Lo primero que comprendemos en esta fotografía, es que se trata de la memoria.
Más precisamente, la memoria poética. La niña que siempre hemos sido camina
sobre las aguas gracias a ese elefante que representa nuestra memoria. Un elefante
que va sólo hacia delante. Sin embargo la niña va en contradirección, que es donde
se comprende todo. Sabe que tiene razón y cada imagen capturada es un poema.
Cada emoción es un apunte en el corazón. Tristes o alegres, todas se recuerdan
desde que aprendemos quiénes somos. Aunque a veces, se nos van las referencias
de lo que ya no tenemos, y no podemos escribir cuando lo perdemos. Por eso, así,
acompañados de otros consumirse, esperamos, rellenando el presente contra
la memoria muda del olvido. Contra la memoria de las flores. La de la nieve.
No existe otra espiral que el bramido del tiempo. Amasar la memoria es bondad
de alfareros, lentitud de veranos en fabulación.

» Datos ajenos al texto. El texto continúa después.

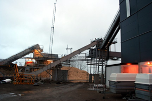 Wood chips are delivered to the boiler through the sloping, enclosed conveyor belts at the C4 plant.

En la memoria está la verdad y lo ilusorio, lo sucedido además de sus porqués,
y los porqués de esos porqués. También el olvido. ¿Qué sonríe en la sombra
sin muros que ensordece mi corazón? ¿Qué soledad levanta sus torturados
brazos sin luna y grita herida a la noche? ¿Quién canta sordamente en las ramas?

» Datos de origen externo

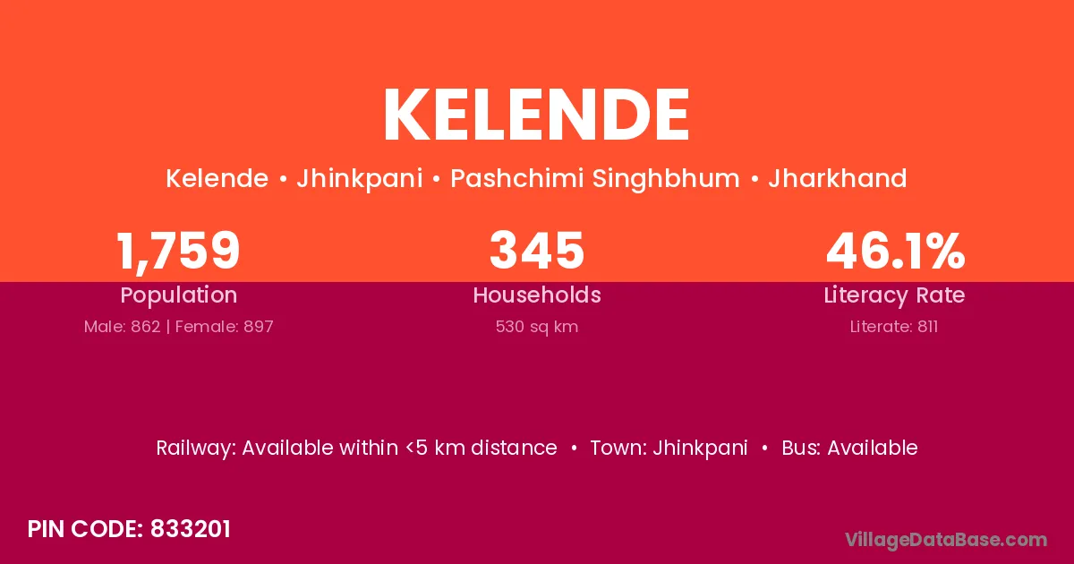 According to Census 2011 information, the village code of Kelende village is 833201.

Pájaros no: memoria de pájaros. Sois eco, solo eco, pluma vil, turbia escoria, muerta
materia sorda, aquí, en mis manos. Besar una ceniza no es besar el amor. Morder
una seca rama no es poner estos labios brillantes sobre un seno cuya turgencia tibia
dé lumbre a estos marfiles rutilantes. El sol. ¡El sol deslumbra!